Prime Minister of the Federation of Bosnia and Herzegovina
- In office 14 February 2003 – 30 March 2007
- President: Niko Lozančić Borjana Krišto
- Preceded by: Alija Behmen
- Succeeded by: Nedžad Branković

Personal details
- Born: 1 June 1952 Cazin, PR Bosnia and Herzegovina, FPR Yugoslavia
- Died: 23 July 2008 (aged 56) Zenica, Bosnia and Herzegovina
- Party: Party of Democratic Action
- Spouse: Branka Hadžipašić ​(m. 1974)​
- Children: 3
- Alma mater: University of Zenica

= Ahmet Hadžipašić =

Bosnian politician (1952–2008)

Ahmet Hadžipašić (1 June 1952 – 23 July 2008) was a Bosnian politician who served as Prime Minister of the Federation of Bosnia and Herzegovina from 2003 to 2007. He was a member of the Party of Democratic Action.

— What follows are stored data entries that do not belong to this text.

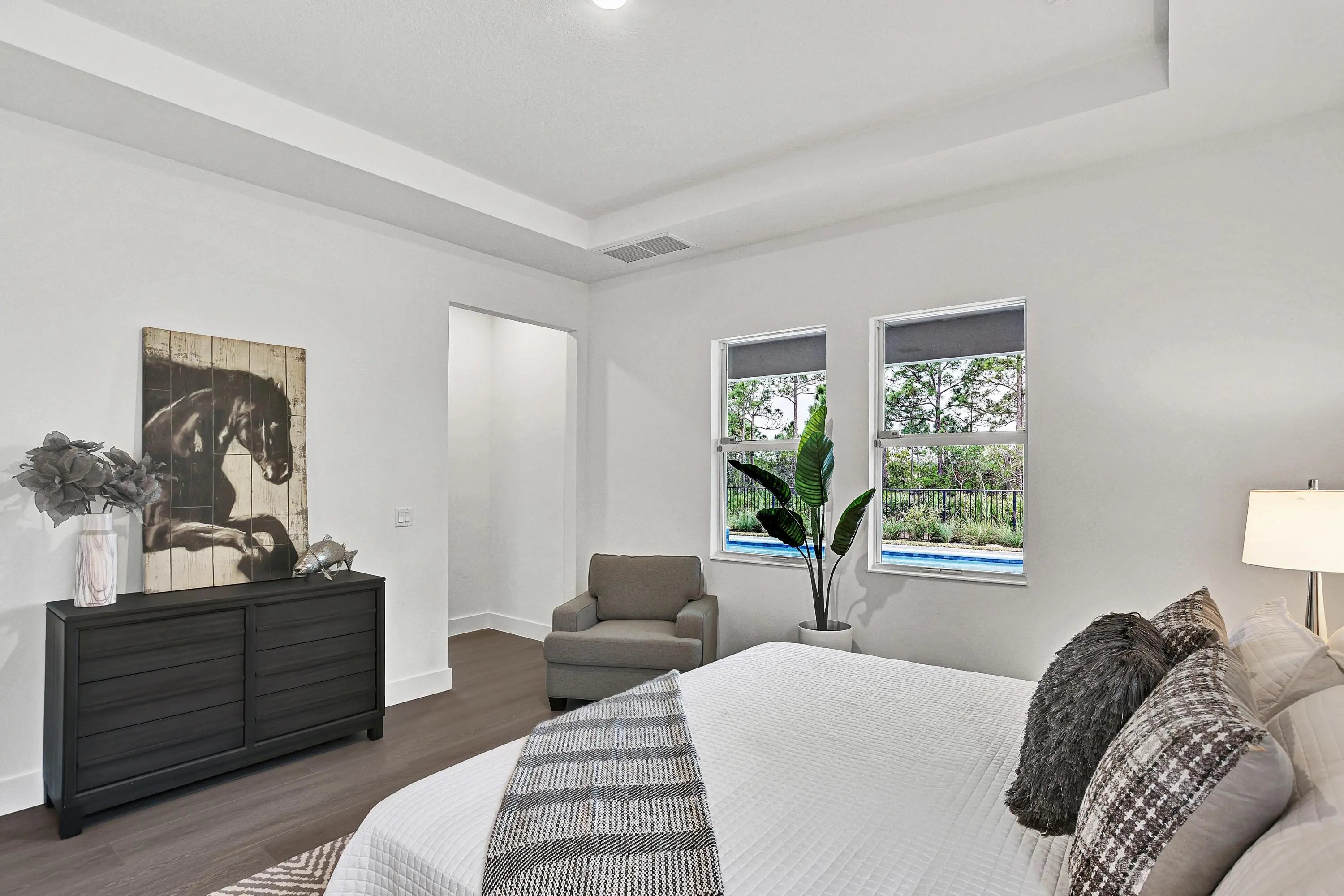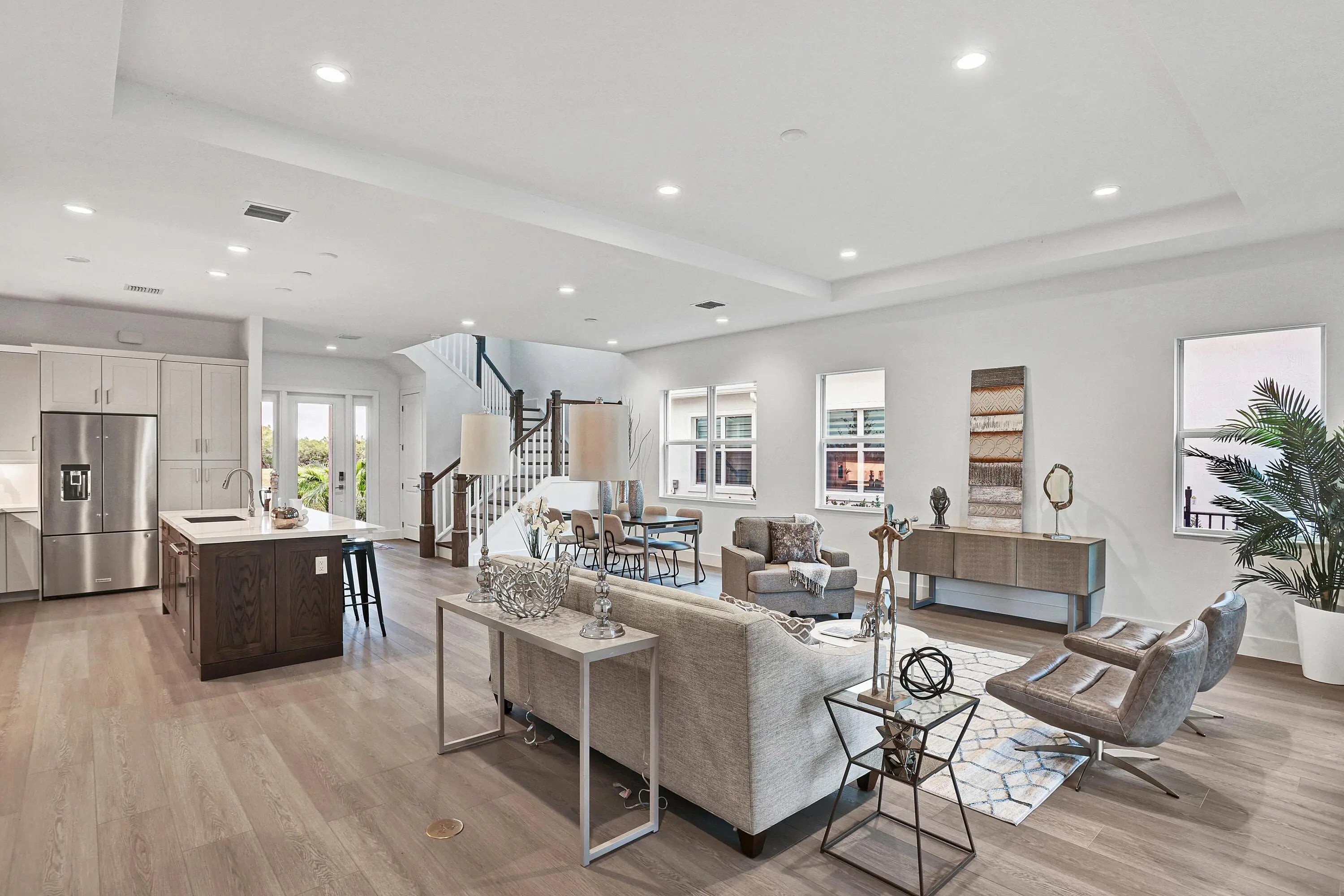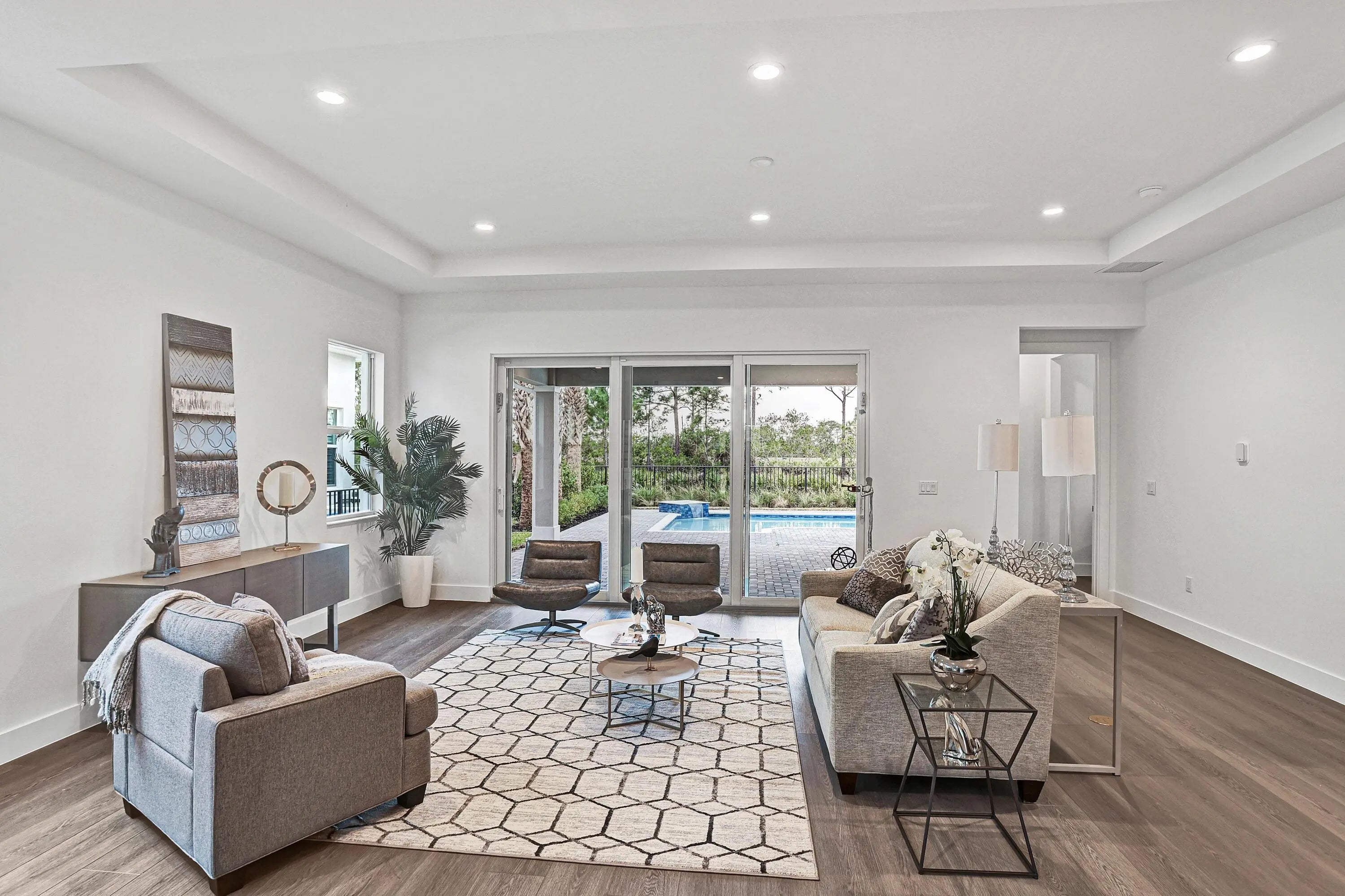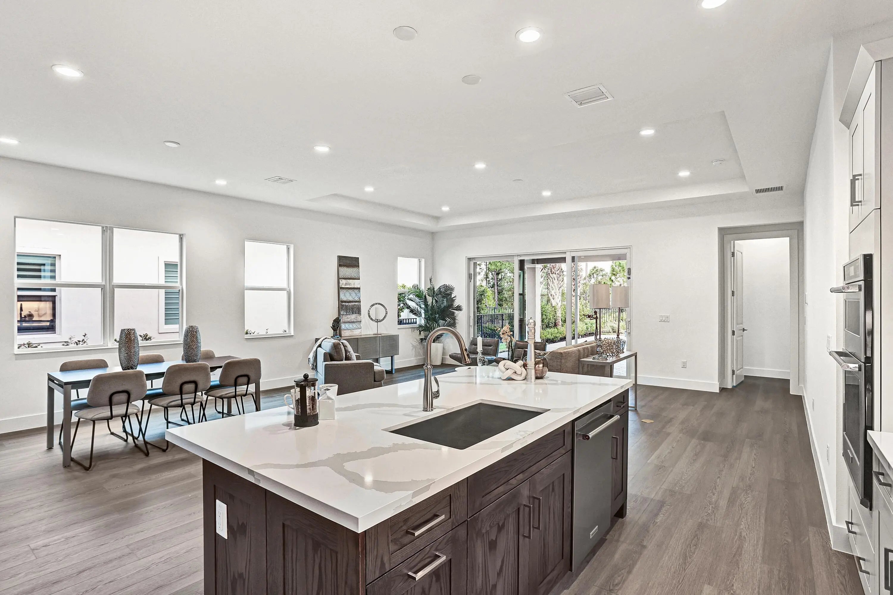 Located within the prestigious Tesoro Club, one of Florida's most desirable country club communities, this two-story 4-bedroom, 3.5-bath Denise Coastal home offers refined coastal luxury on a premium northwestern preserve homesite. Enjoy a custom-designed pool and expanded lanai with outdoor kitchen prep, creating a private, resort-style retreat.The open-concept interior features a light-filled great room with seamless indoor-outdoor flow, LVP flooring throughout the first floor and loft, and impact-resistant windows and doors. The chef-inspired wraparound kitchen includes KitchenAid appliances and a spacious center island overlooking casual dining--perfect for entertaining.
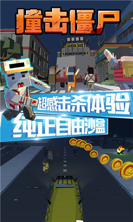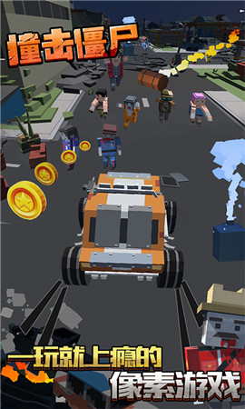 纯正自由像素沙盒风格的赛车生存类手游《撞击僵尸》火爆来袭,超魔性上瘾的玩法,驾驶自己的汽车,将射击僵尸和赛车跑酷完美的结合,躲避僵尸追击的同时收集金币,感兴趣的玩家快来下载吧!
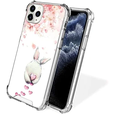 Cherry Blossom and Bunny Clear Phone Case for iPhone 11 Pro Bumper Protection Cover
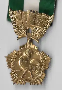 - Sur l'avers : en haut de la médaille, se dessinent des murailles entourées de feuilles de laurier; Sur la médaille, un coq avec les mots gravés « République Française Liberté-Égalité-Fraternité »
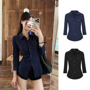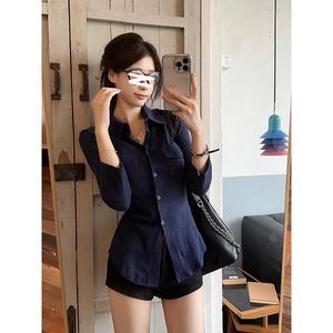 /魔西女王纯欲风翻领长袖衬衫微胖收腰显瘦设计感上衣
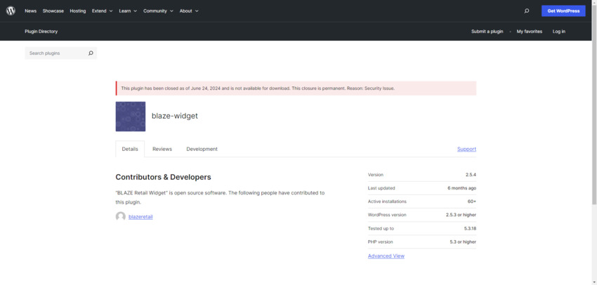 | June 24, 2024 | WordPress.org permanently removes Blaze Widget — 'Security Issue' closure |

Born in Cazin, Hadžipašić got his PhD in 1990 at the University of Zenica. He lived in Zenica, a city known as the metallurgy center of the former SFR Yugoslavia. A few weeks before his death, Hadžipašić was elected vice-rector of the University of Zenica.

==Personal life==
Ahmet was married to Branka Hadžipašić from 1974 until his death. Together, they had three daughters, Emina, Amra and Selma and, after his death, four grandchildren.

===Death===
Hadžipašić died from a heart attack on 23 July 2008 in his home in Zenica. The Guardian wrote in his obituary "As a newcomer to full-time politics, Hadžipašić, a chain-smoking "can-do" personality, appeared well-suited to the task of streamlining government finance, privatising state-run enterprises and attracting foreign investment."